The material below should be copied line for line, please, with pictures omitted.

**Collected data**
__________________________________________________

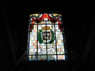 Vitrail dans l'escalier Emblème de la ville de SOLESMES |
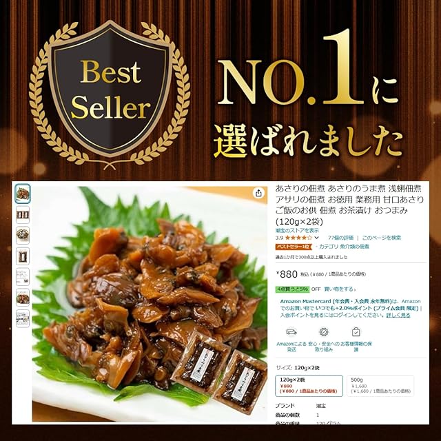 原材料名/ あさり(中国)、砂糖、醸造調味料、醤油、寒天 (材料の一部に大豆、小麦を含む)
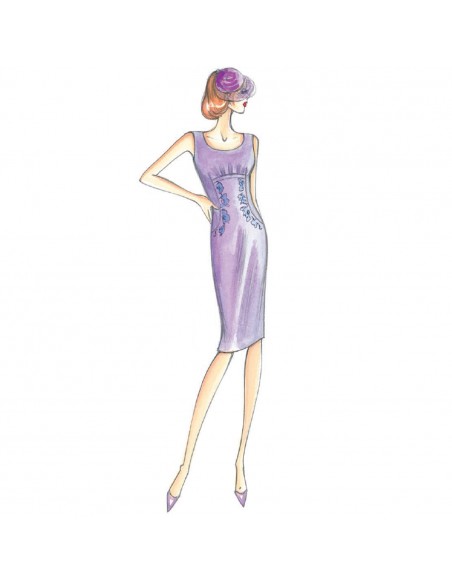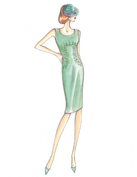 Vestido ajustado, se puede hacer en crespón, lleva un ligero fruncido que se inserta sobre el corte imperio, sus aplicaciones de encaje recorren los cortes arqueados y terminan en la cadera.

__________________________________________________

**Solution for this problem**
 Vitrail dans l'escalier Emblème de la ville de SOLESMES |
 原材料名/ あさり(中国)、砂糖、醸造調味料、醤油、寒天 (材料の一部に大豆、小麦を含む)
 Vestido ajustado, se puede hacer en crespón, lleva un ligero fruncido que se inserta sobre el corte imperio, sus aplicaciones de encaje recorren los cortes arqueados y terminan en la cadera.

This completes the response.